Не словами. Слова ещё не родились. Но оно издавало звуки — не для того, чтобы получить еду или тепло, а просто так. Чтобы нарушить тишину. Тишина стала невыносимой. Тишина была как стена, которая давила на уши, на мозг, на всё тело. И существо разбивало её звуками. Гортанными. Шипящими. Цокающими. Оно щёлкало языком и слушало эхо. Оно гудело низким гудением, которое резонировало в груди. Оно выло — долго, протяжно, на одной ноте, пока воздух в лёгких не заканчивался. И тогда тишина возвращалась, но теперь она была другой — не пустой, а наполненной ожиданием. Ожиданием следующего звука.
Оно изобрело ритуал. Каждое утро, когда зажигался свет, оно садилось в центре комнаты и начинало гудеть. Гудение длилось ровно столько, сколько требовалось, чтобы свет перестал казаться чужим. Чтобы комната стала своей. Чтобы день начался. Это была молитва без бога. Это было приветствие без адресата. Это был способ сказать миру: я здесь.
Морено заметил это первым.
— Оно поёт, — сказал он на утреннем совещании. — Каждое утро, одно и то же. Это ритуал.
— Это самостимуляция, — поправил Берг. — Типичное поведение в условиях сенсорной депривации. Ничего необычного.
— Для нас — ничего необычного, — сказал Морено. — Для него — это способ сохранить рассудок.

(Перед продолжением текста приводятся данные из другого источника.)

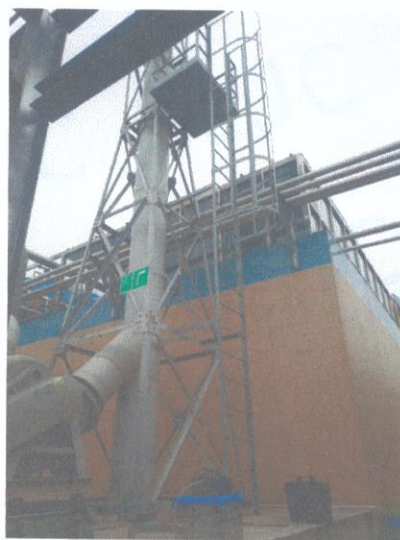
污水处理站排气筒出口 06#

Берг посмотрел на него долгим взглядом.
— Рассудок? — переспросил он. — Вы полагаете, у объекта есть рассудок, который можно сохранить?
— Я полагаю, — медленно сказал Морено, — что мы не знаем, что у него есть. Мы предполагаем отсутствие. Но мы не знаем наверняка. Никто никогда не проводил таких экспериментов. Мы — первые. У нас нет контрольной группы. У нас нет прецедентов. Мы в темноте.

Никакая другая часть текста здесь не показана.